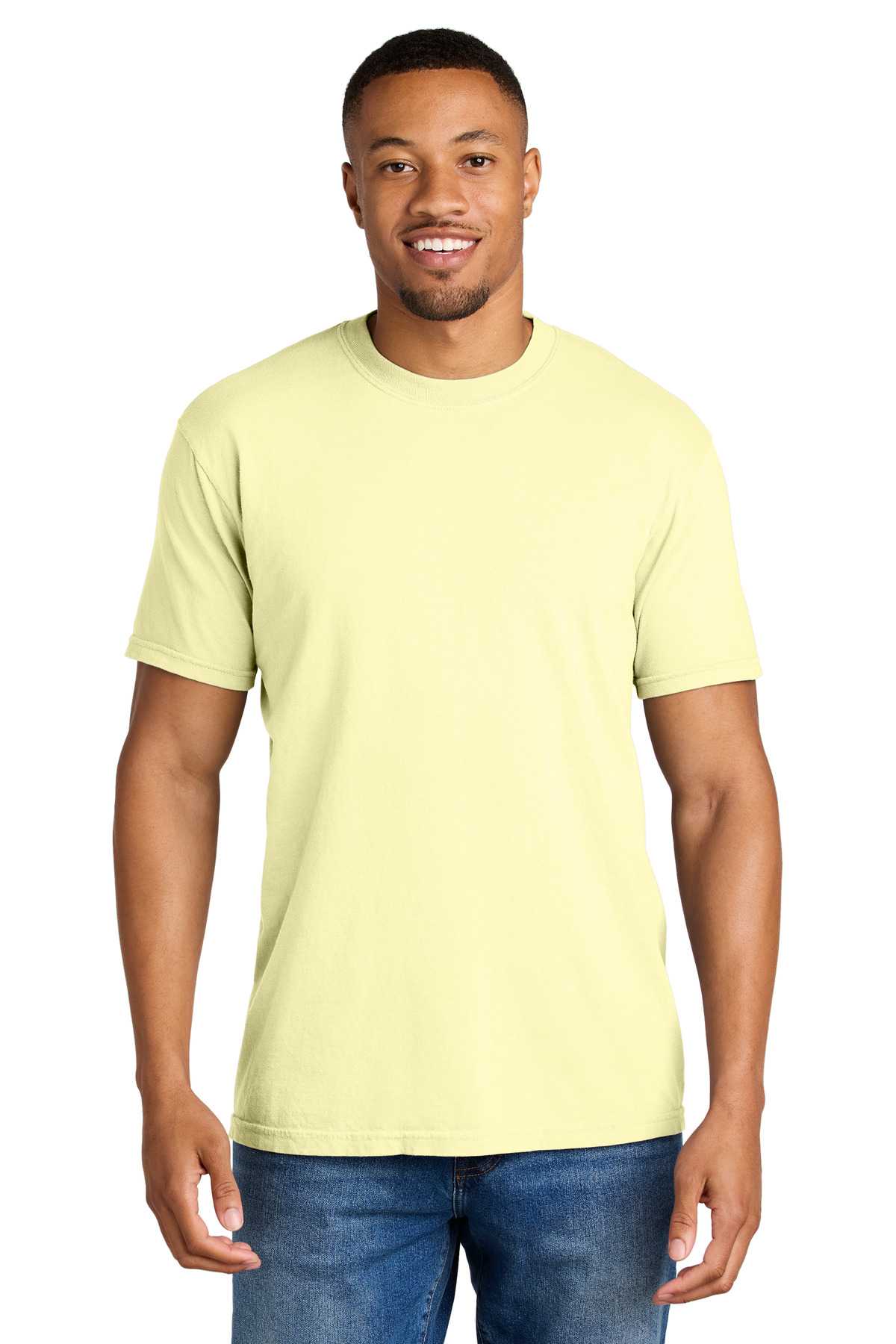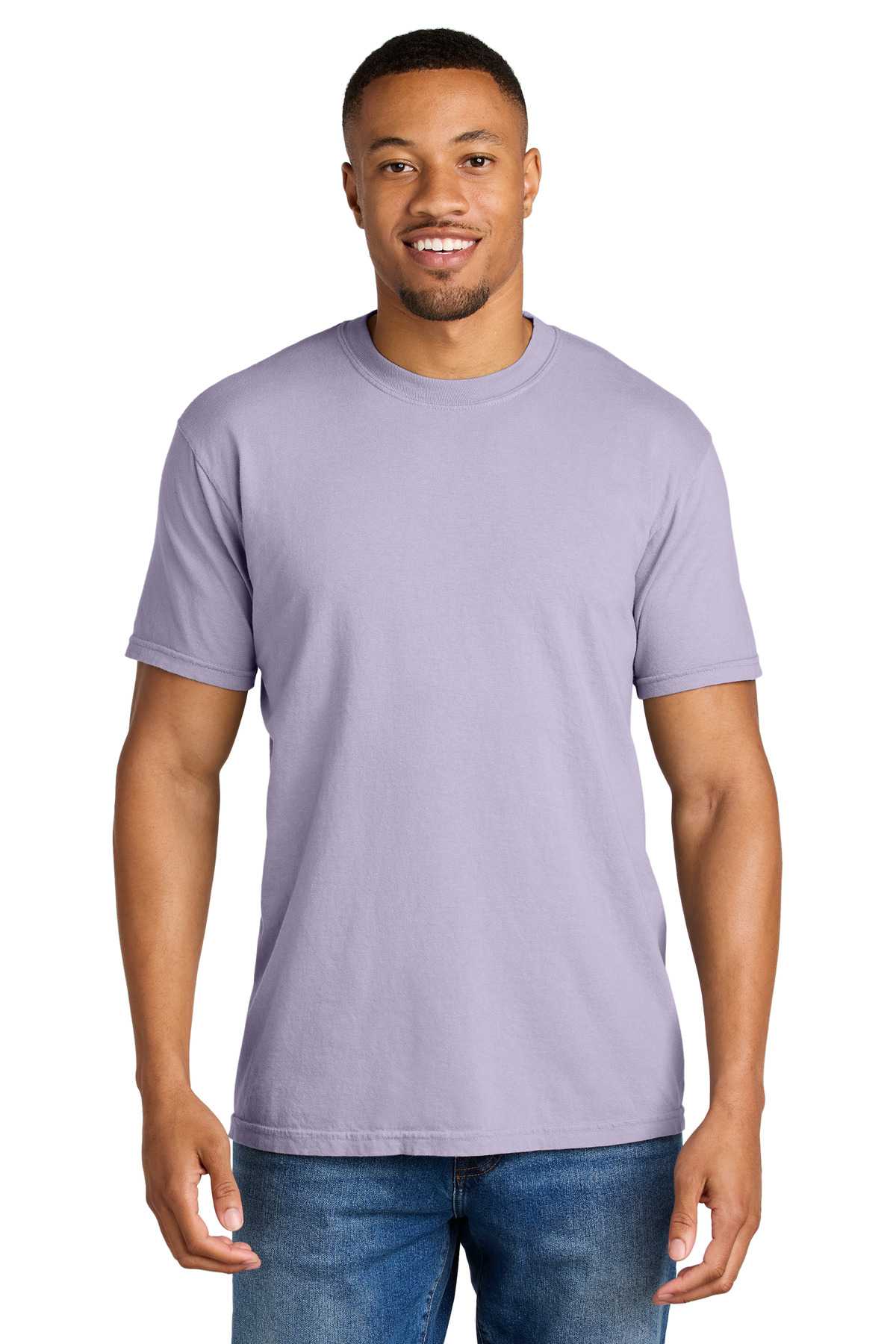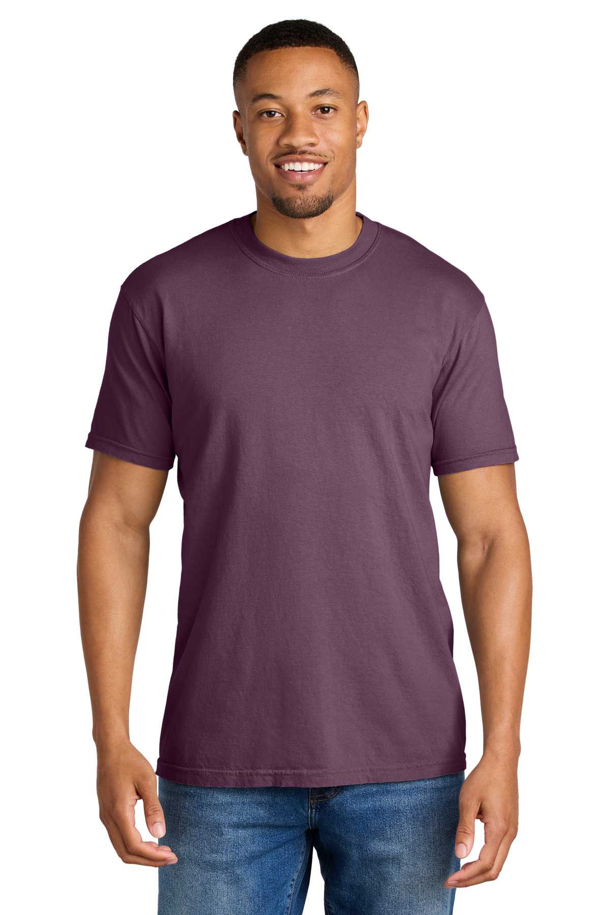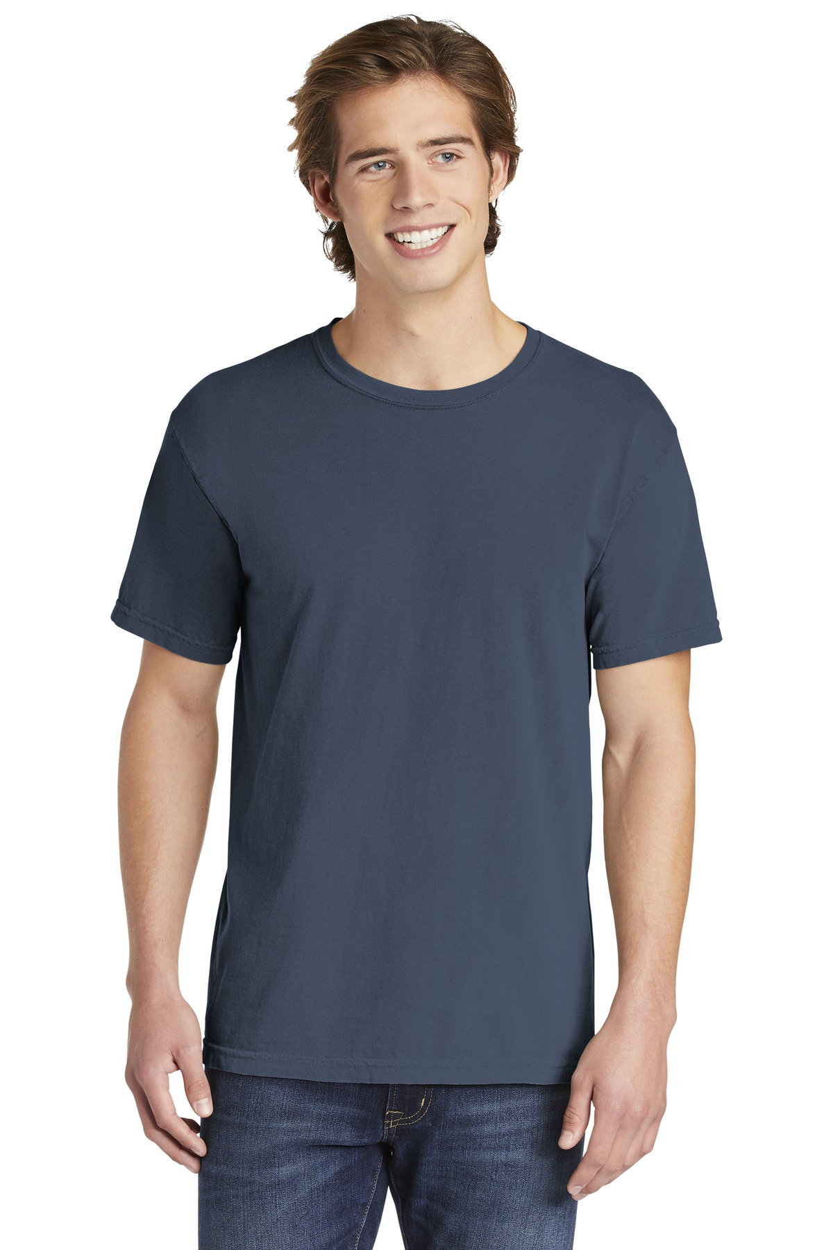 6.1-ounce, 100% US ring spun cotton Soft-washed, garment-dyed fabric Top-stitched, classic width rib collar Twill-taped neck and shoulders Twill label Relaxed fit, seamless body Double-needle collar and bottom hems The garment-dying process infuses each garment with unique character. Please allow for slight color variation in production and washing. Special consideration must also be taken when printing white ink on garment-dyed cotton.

§

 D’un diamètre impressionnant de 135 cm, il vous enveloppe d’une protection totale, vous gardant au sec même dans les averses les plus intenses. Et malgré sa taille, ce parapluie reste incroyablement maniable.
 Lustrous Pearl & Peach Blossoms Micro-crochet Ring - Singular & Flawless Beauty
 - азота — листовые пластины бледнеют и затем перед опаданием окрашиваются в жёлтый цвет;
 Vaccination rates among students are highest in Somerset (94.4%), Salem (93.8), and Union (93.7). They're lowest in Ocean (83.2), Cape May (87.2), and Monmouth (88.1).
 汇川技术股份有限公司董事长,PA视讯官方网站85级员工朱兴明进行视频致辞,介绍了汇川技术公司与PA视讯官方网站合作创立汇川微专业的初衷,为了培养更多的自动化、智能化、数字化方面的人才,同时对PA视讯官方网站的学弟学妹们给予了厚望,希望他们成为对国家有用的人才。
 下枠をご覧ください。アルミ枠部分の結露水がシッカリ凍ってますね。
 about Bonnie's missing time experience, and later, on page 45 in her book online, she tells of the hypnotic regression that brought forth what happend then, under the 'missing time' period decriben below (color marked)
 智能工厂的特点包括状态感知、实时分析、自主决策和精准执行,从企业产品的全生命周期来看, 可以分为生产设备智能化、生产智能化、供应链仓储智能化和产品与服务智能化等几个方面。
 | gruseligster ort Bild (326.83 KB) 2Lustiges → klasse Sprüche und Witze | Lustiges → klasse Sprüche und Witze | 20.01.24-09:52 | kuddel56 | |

§

Instructions to follow
Leave out every line above except those from the line with "Vaccination rates among" up to and including the line with "智能工厂的特点包括状态感知、", and copy those exactly.

The completed task
 Vaccination rates among students are highest in Somerset (94.4%), Salem (93.8), and Union (93.7). They're lowest in Ocean (83.2), Cape May (87.2), and Monmouth (88.1).
 汇川技术股份有限公司董事长,PA视讯官方网站85级员工朱兴明进行视频致辞,介绍了汇川技术公司与PA视讯官方网站合作创立汇川微专业的初衷,为了培养更多的自动化、智能化、数字化方面的人才,同时对PA视讯官方网站的学弟学妹们给予了厚望,希望他们成为对国家有用的人才。
 下枠をご覧ください。アルミ枠部分の結露水がシッカリ凍ってますね。
 about Bonnie's missing time experience, and later, on page 45 in her book online, she tells of the hypnotic regression that brought forth what happend then, under the 'missing time' period decriben below (color marked)
 智能工厂的特点包括状态感知、实时分析、自主决策和精准执行,从企业产品的全生命周期来看, 可以分为生产设备智能化、生产智能化、供应链仓储智能化和产品与服务智能化等几个方面。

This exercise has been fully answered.